AIM OF THE TASK » Copy each line that contains the string "with", taking them from the material.

GIVEN INFORMATION »
=== Section Start ===

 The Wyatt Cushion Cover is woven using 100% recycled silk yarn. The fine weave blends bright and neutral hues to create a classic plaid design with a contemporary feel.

=== Section End ===
=== Section Start ===

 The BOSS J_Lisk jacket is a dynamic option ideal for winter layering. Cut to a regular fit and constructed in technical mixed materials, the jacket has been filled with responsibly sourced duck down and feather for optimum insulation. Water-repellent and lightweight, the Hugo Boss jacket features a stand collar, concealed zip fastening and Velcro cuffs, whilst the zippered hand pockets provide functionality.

=== Section End ===
=== Section Start ===

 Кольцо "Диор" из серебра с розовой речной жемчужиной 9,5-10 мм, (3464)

=== Section End ===

SOLUTION TO THIS PROBLEM »
 The Wyatt Cushion Cover is woven using 100% recycled silk yarn. The fine weave blends bright and neutral hues to create a classic plaid design with a contemporary feel.
 The BOSS J_Lisk jacket is a dynamic option ideal for winter layering. Cut to a regular fit and constructed in technical mixed materials, the jacket has been filled with responsibly sourced duck down and feather for optimum insulation. Water-repellent and lightweight, the Hugo Boss jacket features a stand collar, concealed zip fastening and Velcro cuffs, whilst the zippered hand pockets provide functionality.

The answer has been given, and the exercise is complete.